At True Directions, Megan meets the founder and a strict disciplinarian, Mary Brown, along with her "heterosexual" son, Rock. Rock is seen throughout the film to be in fact overtly homosexual, and makes multiple sexual overtures towards Mike and the male campers. Megan meets a group of fellow young people trying to "cure" themselves of their homosexuality. After being prompted by the others, Megan agrees that she is a lesbian. This fact is at odds with her traditional religious upbringing and distresses her, so she puts every effort into becoming heterosexual.
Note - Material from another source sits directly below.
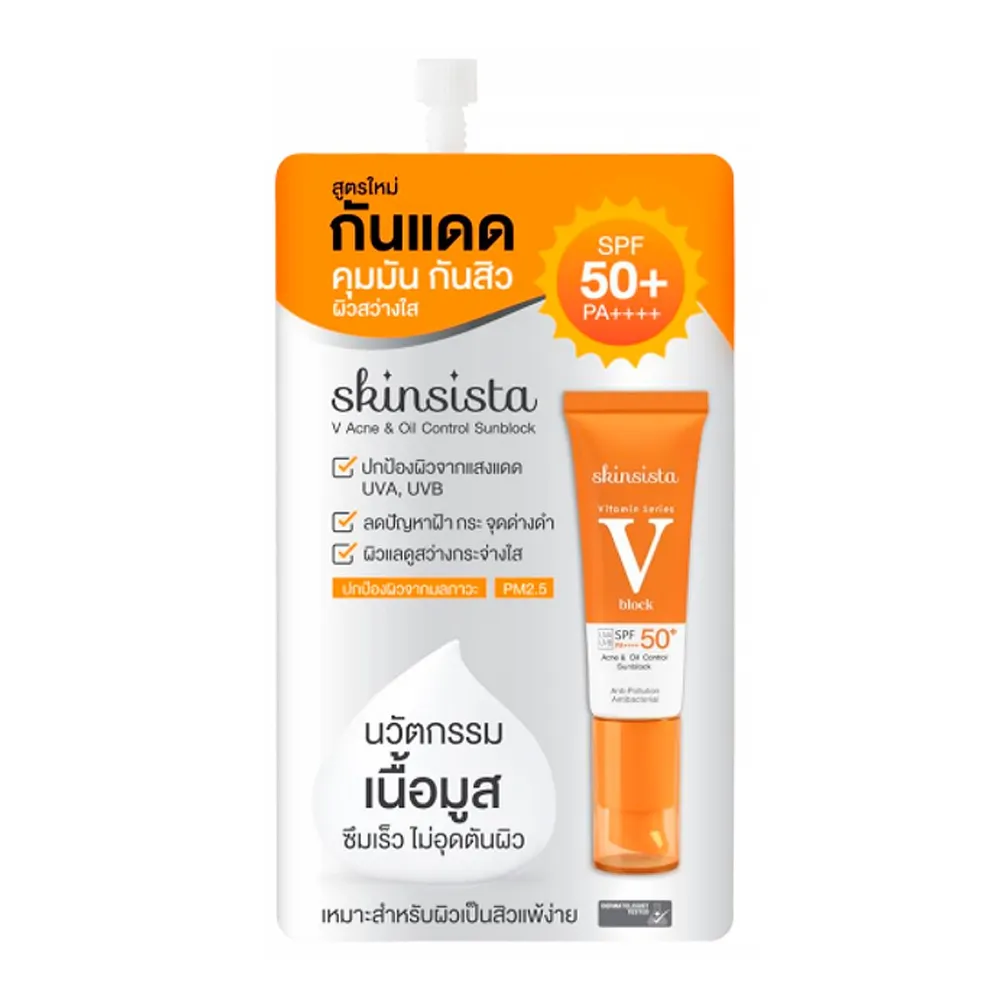 <p>สกินซิสต้า วี แอคเน่ &amp; ออยล์ คอนโทรล ซันบล็อก เอสพีเอฟ 50+ พีเอ++++ 5 ก.<br />

The camp's kids are encouraged to rebel against Mary by two of her former students, ex-ex-gays Larry and Lloyd, who take the campers to a local gay bar where Graham and Megan's relationship develops into a romance. When Mary discovers the trip, she makes them all picket Larry and Lloyd's house. Megan and Graham sneak away one night and begin to fall in love. When Mary finds out, Megan, now at ease with her sexuality, is unrepentant and made to leave. Disowned by her family and homeless she goes to stay with Larry and Lloyd. Graham, afraid to defy her father, remains at the camp. Megan and Dolph, who is now also living with Larry and Lloyd, plan to win back Graham and Clayton.